What this task involves: Wherever pictures occur in the entries below, leave them out and retype the rest exactly.

Data provided:

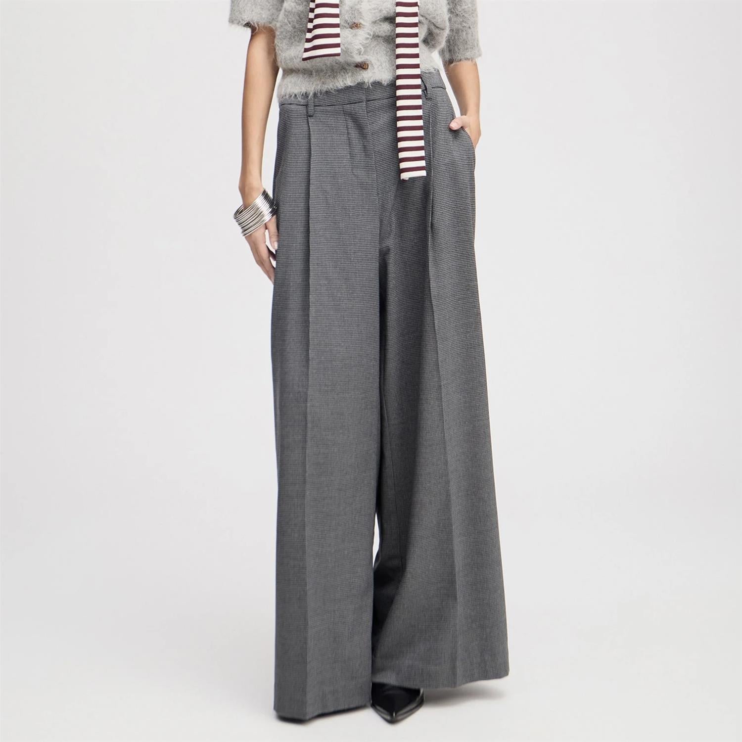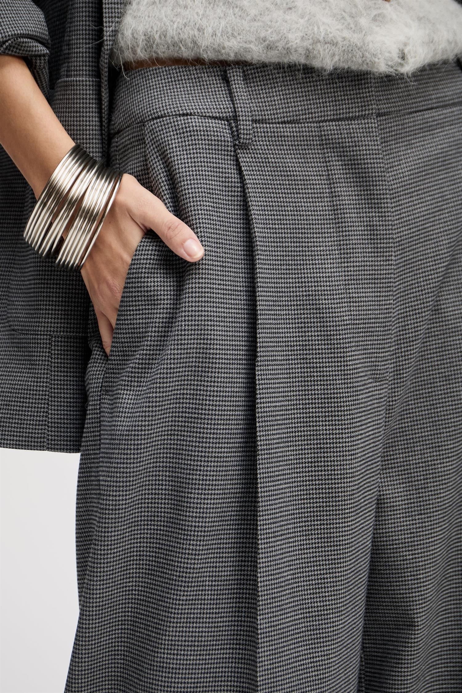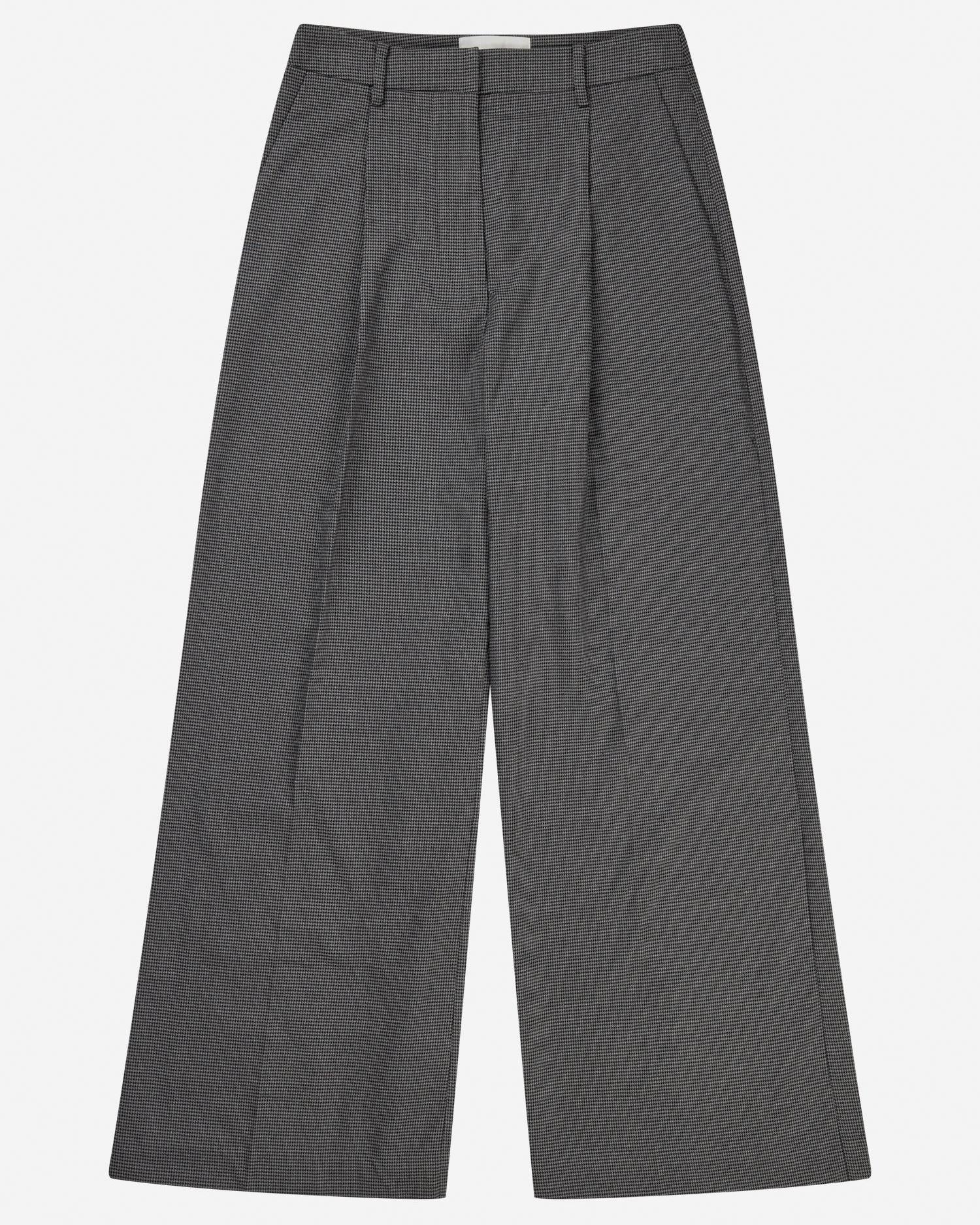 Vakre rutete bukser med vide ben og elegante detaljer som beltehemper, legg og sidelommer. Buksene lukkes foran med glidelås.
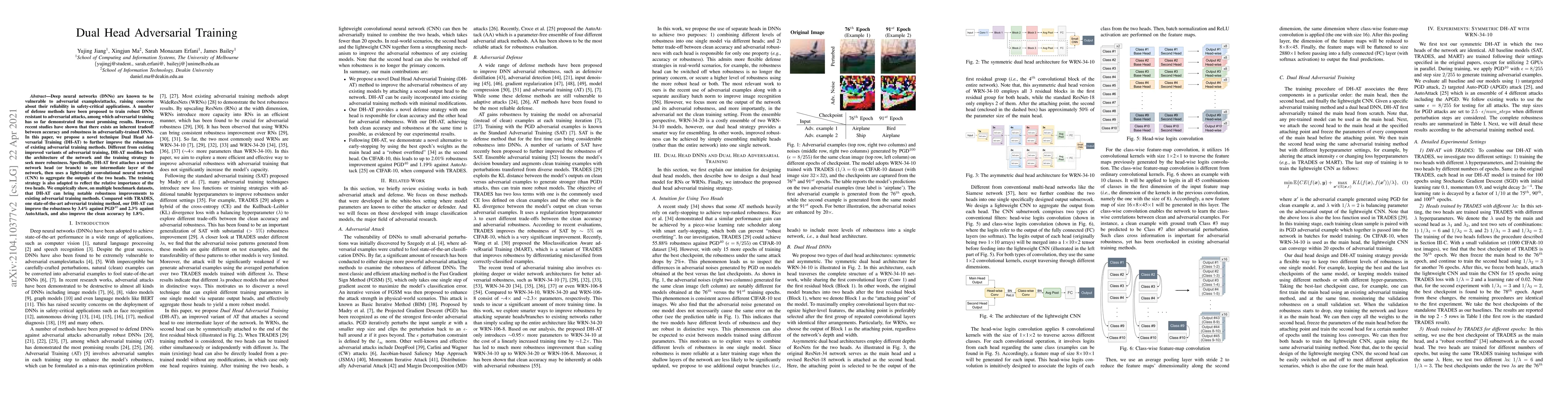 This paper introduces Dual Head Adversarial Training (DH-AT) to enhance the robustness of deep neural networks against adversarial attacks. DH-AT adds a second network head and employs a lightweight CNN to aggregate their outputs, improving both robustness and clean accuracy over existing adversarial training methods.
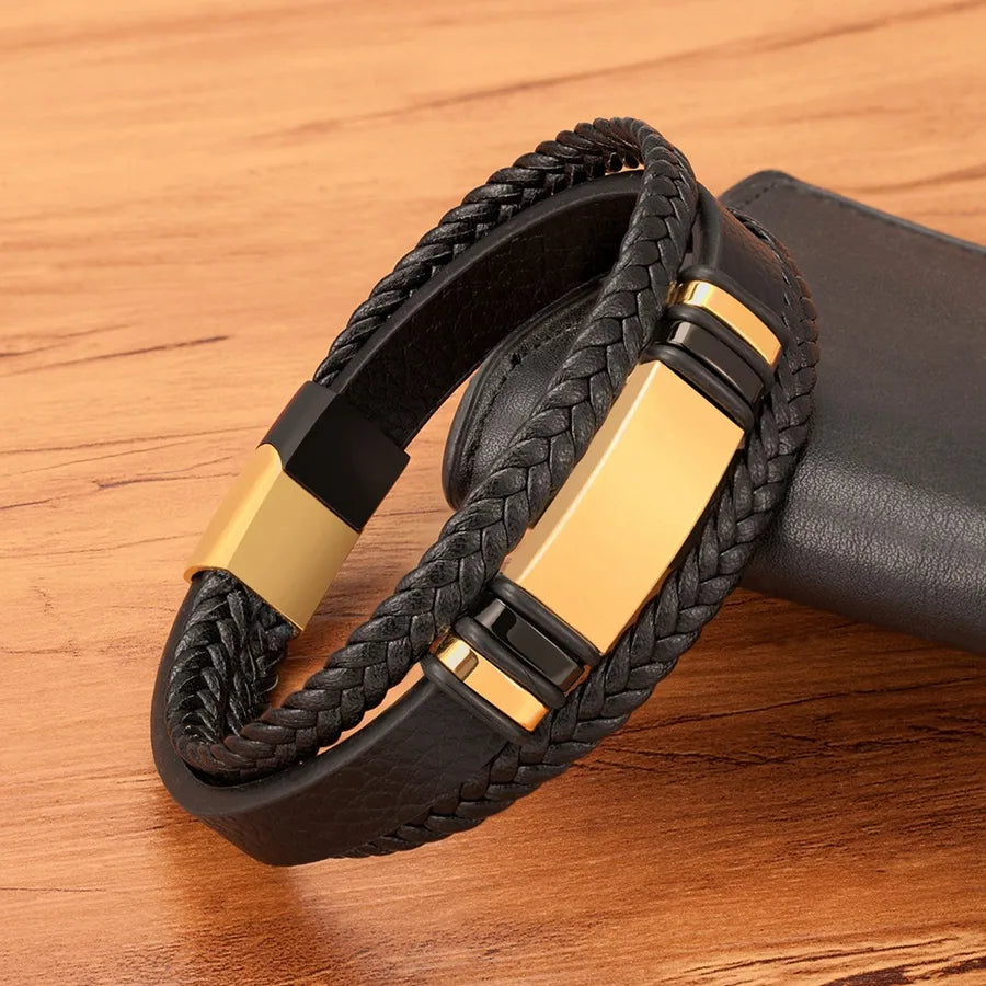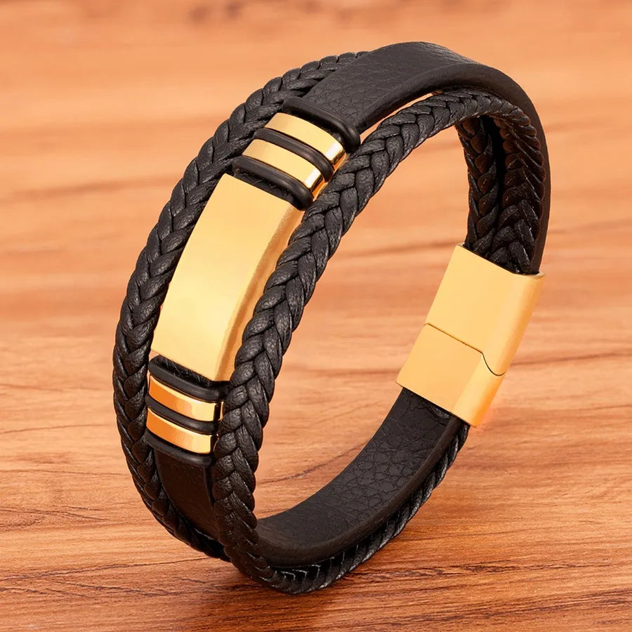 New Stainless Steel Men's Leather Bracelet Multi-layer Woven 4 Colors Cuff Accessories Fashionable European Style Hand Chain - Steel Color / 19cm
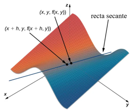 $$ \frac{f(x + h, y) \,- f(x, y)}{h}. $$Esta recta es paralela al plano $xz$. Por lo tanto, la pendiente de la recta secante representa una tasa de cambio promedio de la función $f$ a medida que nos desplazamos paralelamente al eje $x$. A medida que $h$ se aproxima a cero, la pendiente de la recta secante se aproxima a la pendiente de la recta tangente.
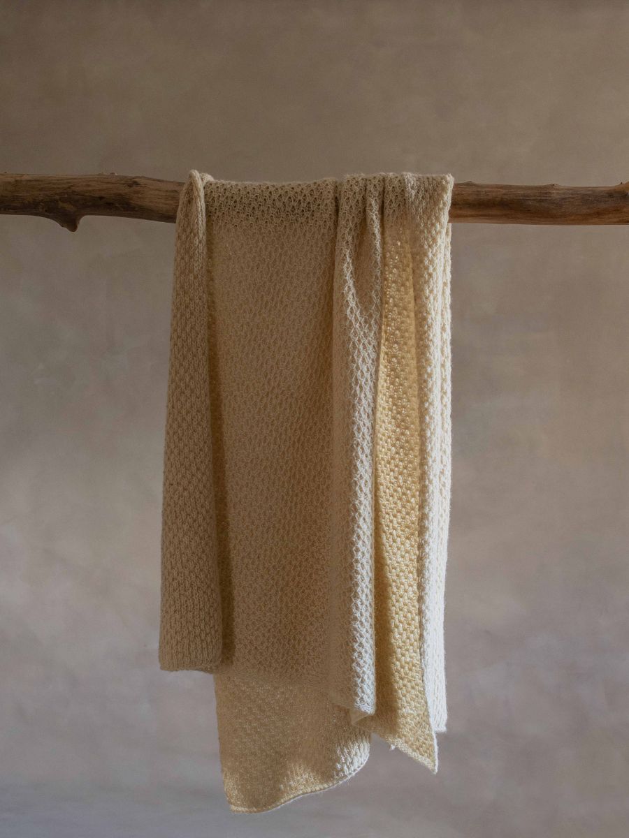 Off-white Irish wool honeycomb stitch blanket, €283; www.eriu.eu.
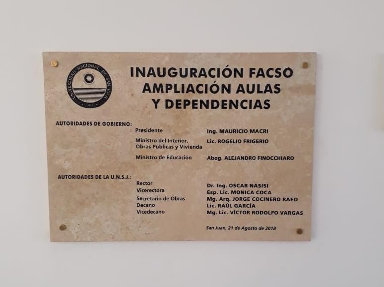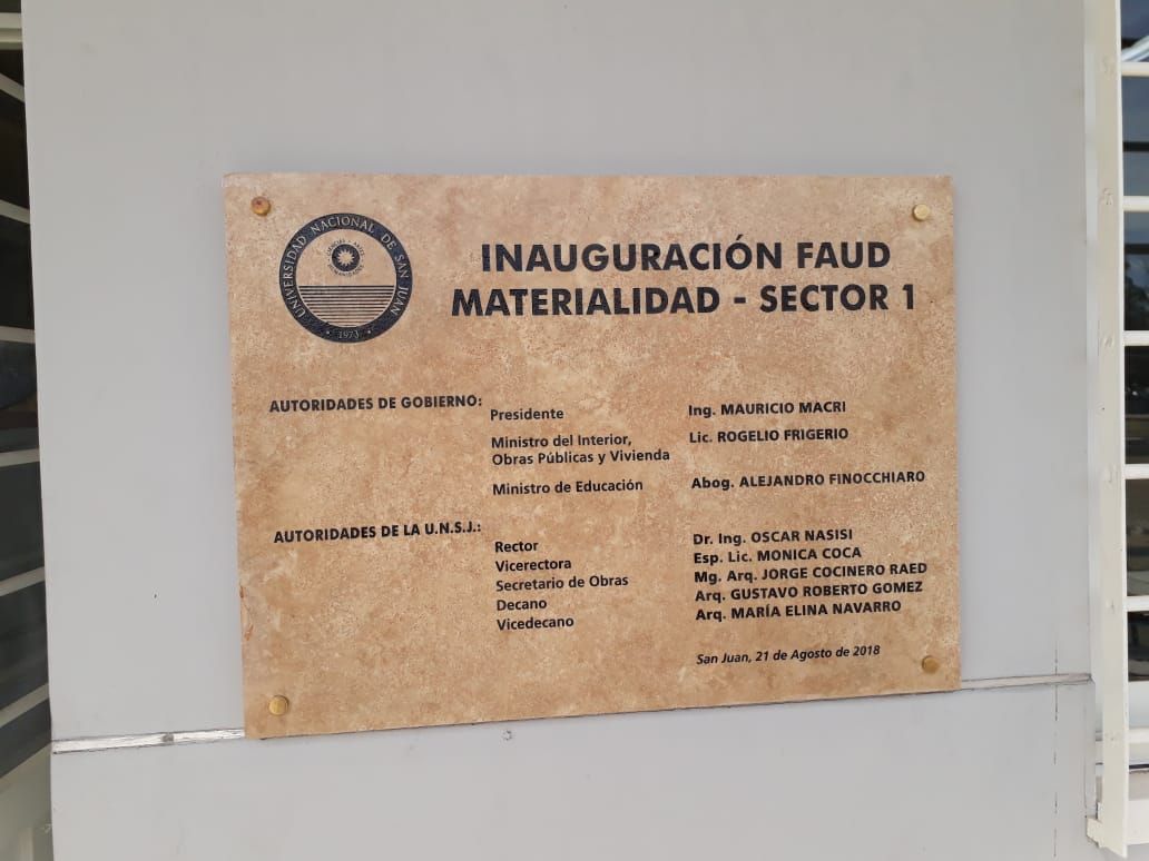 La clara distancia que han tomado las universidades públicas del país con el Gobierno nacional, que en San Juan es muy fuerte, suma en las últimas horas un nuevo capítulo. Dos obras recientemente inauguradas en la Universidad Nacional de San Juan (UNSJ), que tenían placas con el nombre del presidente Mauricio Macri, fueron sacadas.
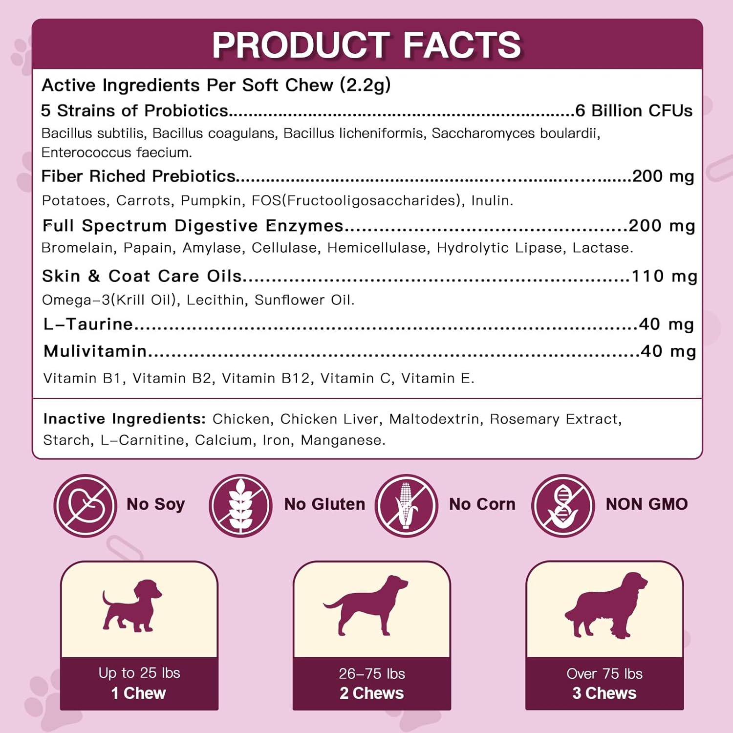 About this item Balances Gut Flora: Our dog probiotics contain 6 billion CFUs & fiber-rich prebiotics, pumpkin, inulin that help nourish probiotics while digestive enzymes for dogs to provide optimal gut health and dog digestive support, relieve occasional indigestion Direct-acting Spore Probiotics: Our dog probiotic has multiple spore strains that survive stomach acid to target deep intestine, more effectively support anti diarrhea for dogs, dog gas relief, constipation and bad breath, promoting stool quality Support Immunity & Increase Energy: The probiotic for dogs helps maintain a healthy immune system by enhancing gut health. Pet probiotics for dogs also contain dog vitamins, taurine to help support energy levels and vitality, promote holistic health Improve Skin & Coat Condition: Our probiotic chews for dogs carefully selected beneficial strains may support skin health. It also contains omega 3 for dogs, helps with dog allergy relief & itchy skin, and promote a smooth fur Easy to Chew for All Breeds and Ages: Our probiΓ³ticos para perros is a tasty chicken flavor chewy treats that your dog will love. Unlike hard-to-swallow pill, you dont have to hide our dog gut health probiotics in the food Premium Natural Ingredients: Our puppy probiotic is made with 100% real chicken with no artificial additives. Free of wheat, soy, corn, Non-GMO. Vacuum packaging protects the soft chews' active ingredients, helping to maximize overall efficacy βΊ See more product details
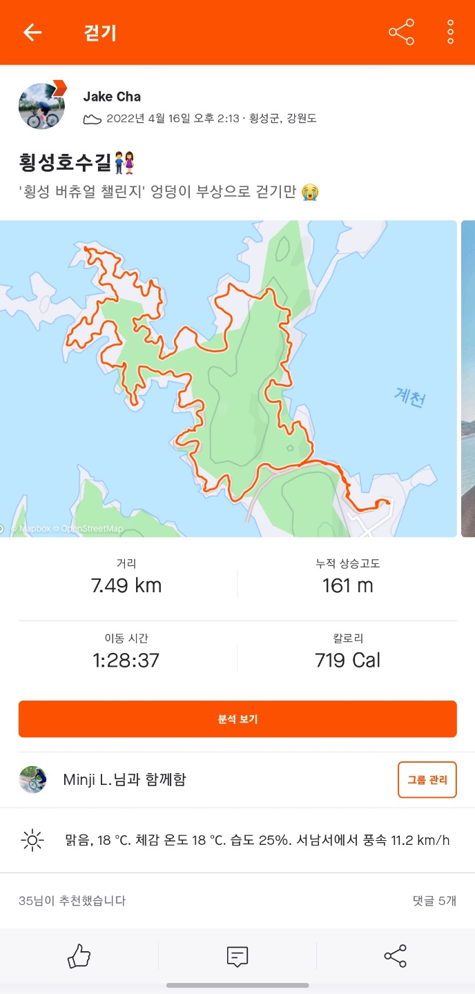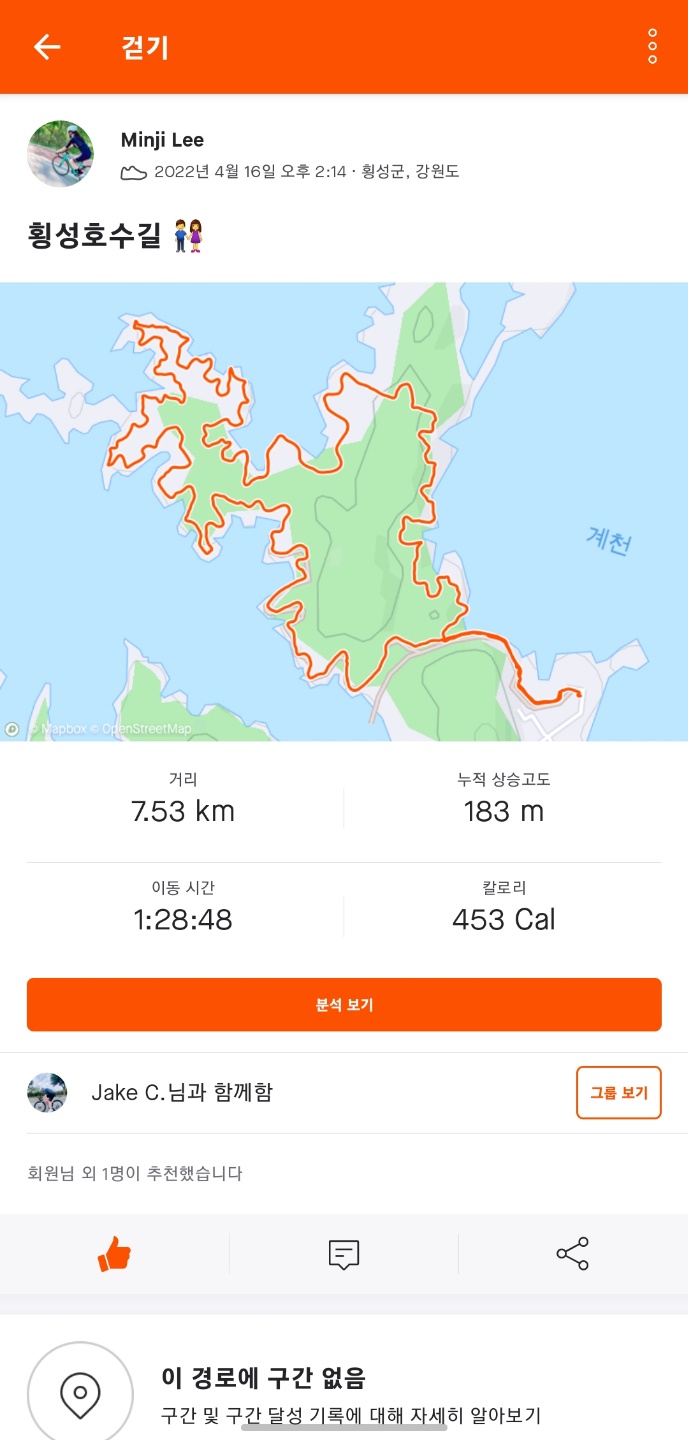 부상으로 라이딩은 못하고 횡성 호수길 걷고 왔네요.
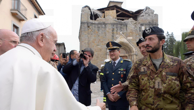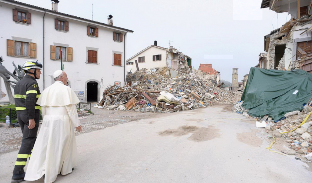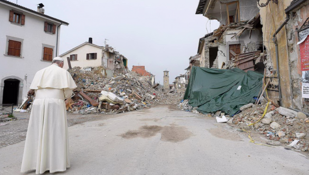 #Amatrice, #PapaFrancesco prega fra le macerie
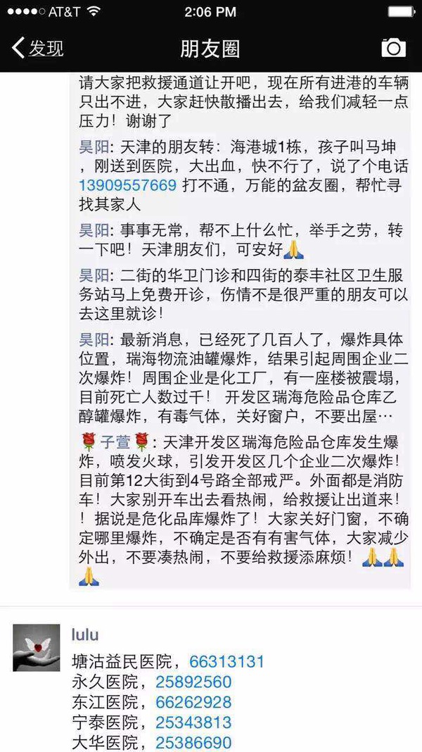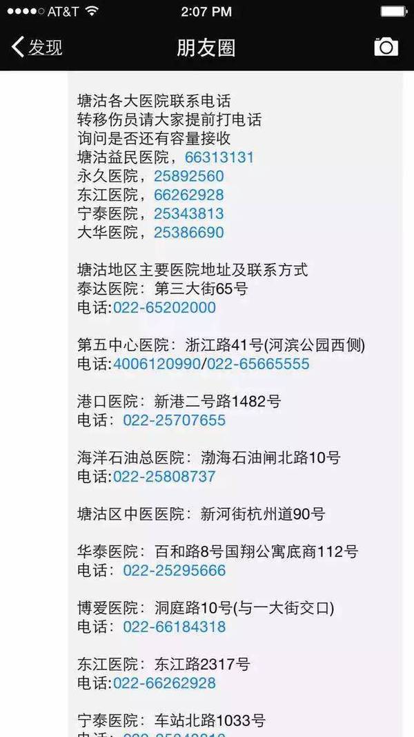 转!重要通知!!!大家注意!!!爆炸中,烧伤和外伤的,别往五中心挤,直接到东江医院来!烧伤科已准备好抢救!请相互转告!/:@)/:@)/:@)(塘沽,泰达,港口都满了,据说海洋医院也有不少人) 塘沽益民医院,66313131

Written solution:
 Vakre rutete bukser med vide ben og elegante detaljer som beltehemper, legg og sidelommer. Buksene lukkes foran med glidelås.
 This paper introduces Dual Head Adversarial Training (DH-AT) to enhance the robustness of deep neural networks against adversarial attacks. DH-AT adds a second network head and employs a lightweight CNN to aggregate their outputs, improving both robustness and clean accuracy over existing adversarial training methods.
 New Stainless Steel Men's Leather Bracelet Multi-layer Woven 4 Colors Cuff Accessories Fashionable European Style Hand Chain - Steel Color / 19cm
 $$ \frac{f(x + h, y) \,- f(x, y)}{h}. $$Esta recta es paralela al plano $xz$. Por lo tanto, la pendiente de la recta secante representa una tasa de cambio promedio de la función $f$ a medida que nos desplazamos paralelamente al eje $x$. A medida que $h$ se aproxima a cero, la pendiente de la recta secante se aproxima a la pendiente de la recta tangente.
 Off-white Irish wool honeycomb stitch blanket, €283; www.eriu.eu.
 La clara distancia que han tomado las universidades públicas del país con el Gobierno nacional, que en San Juan es muy fuerte, suma en las últimas horas un nuevo capítulo. Dos obras recientemente inauguradas en la Universidad Nacional de San Juan (UNSJ), que tenían placas con el nombre del presidente Mauricio Macri, fueron sacadas.
 About this item Balances Gut Flora: Our dog probiotics contain 6 billion CFUs & fiber-rich prebiotics, pumpkin, inulin that help nourish probiotics while digestive enzymes for dogs to provide optimal gut health and dog digestive support, relieve occasional indigestion Direct-acting Spore Probiotics: Our dog probiotic has multiple spore strains that survive stomach acid to target deep intestine, more effectively support anti diarrhea for dogs, dog gas relief, constipation and bad breath, promoting stool quality Support Immunity & Increase Energy: The probiotic for dogs helps maintain a healthy immune system by enhancing gut health. Pet probiotics for dogs also contain dog vitamins, taurine to help support energy levels and vitality, promote holistic health Improve Skin & Coat Condition: Our probiotic chews for dogs carefully selected beneficial strains may support skin health. It also contains omega 3 for dogs, helps with dog allergy relief & itchy skin, and promote a smooth fur Easy to Chew for All Breeds and Ages: Our probiΓ³ticos para perros is a tasty chicken flavor chewy treats that your dog will love. Unlike hard-to-swallow pill, you dont have to hide our dog gut health probiotics in the food Premium Natural Ingredients: Our puppy probiotic is made with 100% real chicken with no artificial additives. Free of wheat, soy, corn, Non-GMO. Vacuum packaging protects the soft chews' active ingredients, helping to maximize overall efficacy βΊ See more product details
 부상으로 라이딩은 못하고 횡성 호수길 걷고 왔네요.
 #Amatrice, #PapaFrancesco prega fra le macerie
 转!重要通知!!!大家注意!!!爆炸中,烧伤和外伤的,别往五中心挤,直接到东江医院来!烧伤科已准备好抢救!请相互转告!/:@)/:@)/:@)(塘沽,泰达,港口都满了,据说海洋医院也有不少人) 塘沽益民医院,66313131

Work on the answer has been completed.